Der Ofen ist eine Black-Box

Lukas Weber und Prof. Dr. Hans-Arno Jantzen von der FH Münster perfektionieren die Trocknung von Gipsplatten


Münster/Steinfurt (17. Juni 2020). Eine riesige Industriehalle, ein Ofen von circa 150 Metern – so lang, wie der Kölner Dom hoch ist. Und darin: heiße Luft von allen Seiten, die auf die dort trocknenden Gipsplatten strömt. Prof. Dr. Hans-Arno Jantzen und sein Doktorand Lukas Weber von der FH Münster haben es sich zur Aufgabe gemacht, diesen Prozess zu verkürzen, und sie überlegen, wie sich die Trocknung der Gipsplatten – die beispielsweise im Trockenbau genutzt werden – perfektionieren lässt.

Die Gipsplatten bestehen aus einem Gemisch von Gipspulver und Wasser. Man benötigt unglaublich viel Energie, um diese Platten zu trocken. „Dies hängt damit zusammen, dass die Verdampfung von Wasser energieintensiv ist und die Öfen überdimensioniert werden, damit wirklich alle Platten auch vollständig getrocknet werden“, erklärt Prof. Jantzen. Eine Maschine gießt den Gipsbrei in flüssiger Form zwischen zwei Kartonlagen, die Platte härtet durch eine chemische Reaktion in wenigen Minuten aus und wird währenddessen in acht bis zwölf Schichten übereinander durch einen Trockner gefahren – vorstellbar ähnlich wie im Backofen daheim. Der Ofen erwärmt die Platten von allen Seiten. Solange die Oberfläche der Platten mit Wasser benetzt ist, kann aggressiv mit viel Hitze getrocknet werden, weil das Wasser verdunstet und die Oberfläche deshalb nicht zu heiß wird. Anschließend muss vorsichtiger getrocknet werden, um dem Produkt nicht zu schaden. Eine weitere Maschine schneidet die Platten, die den Ofen durchlaufen haben, in standardisierte Größen.

Welche Bereiche im Trockner trocknen also gut und welche weniger gut? Lukas Weber möchte das mit einem Simulationsmodell herausfinden, das den Trocknungsfortschritt der Gipsplatten je nach Umgebungsbedingungen berechnen kann. Das Modell wird mit Laborversuchen und speziell für diesen Zweck entwickelten, temperaturfesten Sensoren validiert.

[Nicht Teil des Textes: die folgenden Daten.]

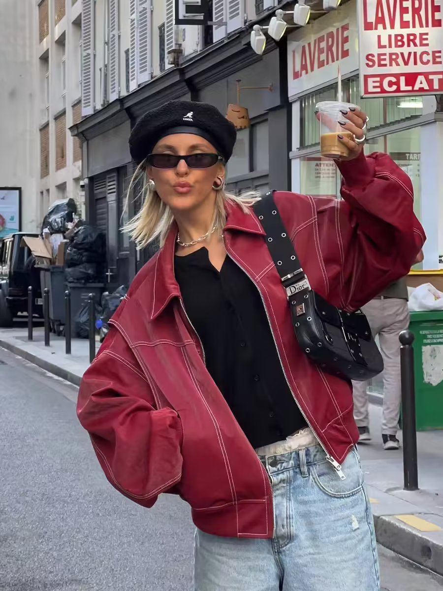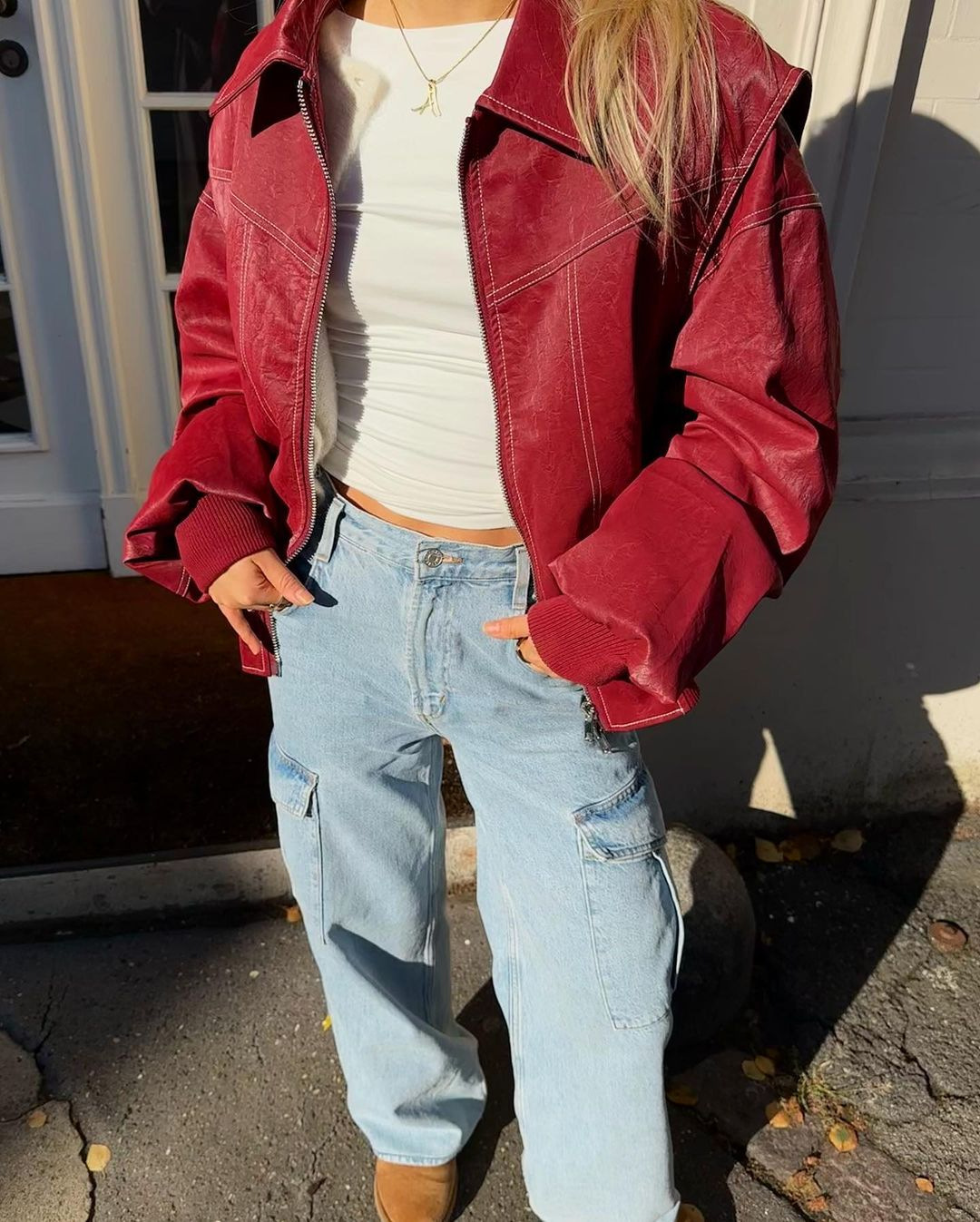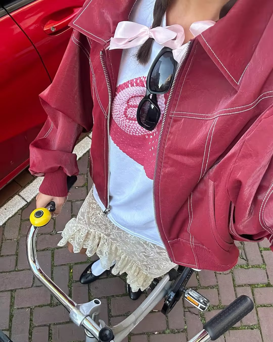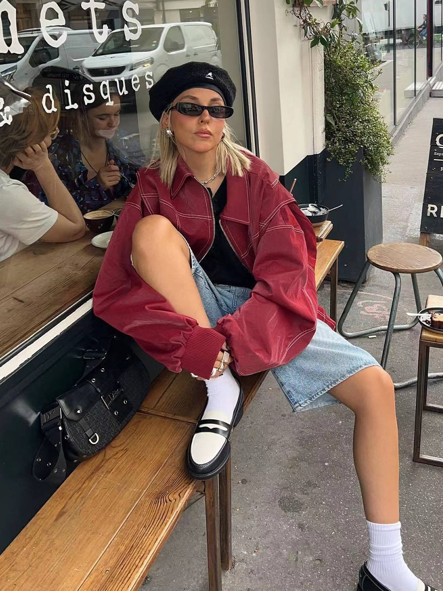 PU Autumn Winter Vintage Long Sleeve Patchwork Jackets Fashion Streetwear Pocket Coats

„Nicht nur der Ofen mit seiner komplexen Strömungsführung ist aktuell noch eine Black-Box, auch der Feuchtigkeitshaushalt der Platten spielt eine wesentliche Rolle. Beides muss eng aufeinander abgestimmt werden. So ist zum einen das Verständnis der lokalen Wärmeübergänge an die Platten, also die Strömungsführung im Trockner von Bedeutung. Zum anderen muss der für die Platte maximal erlaubte lokale Wärmeeintrag möglichst gut bekannt sein und dann auch im Ofen eingestellt werden.“ Ein Ideal wäre es, an jeder Stelle die für den jeweiligen Plattenzustand maximal erlaubte Wärmemenge zuzuführen. Das ist die Grundlage für die Optimierung: veränderbar sind die Lufttemperatur, -geschwindigkeit und -richtung. Lukas Weber konzipiert aktuell den Versuchsaufbau, mit dem der Trocknungsprozess genau betrachtet und die für die Platten jeweils optimal erlaubte Wärmemenge gemessen werden soll. So kann er seine Optimierungsideen in verkleinertem Maßstab überprüfen. „Trotz Corona ist das möglich, weil wir unseren Laborbetrieb entsprechend angepasst haben“, erklärt Jantzen.

Zum Thema:
Das Projekt der Gipsplattentrocknung wird vom Bundesministerium für Bildung und Forschung (BMBF) mit einer halben Million Euro gefördert. Die FH Münster führt es in Zusammenarbeit mit dem Unternehmen Knauf Gips KG durch.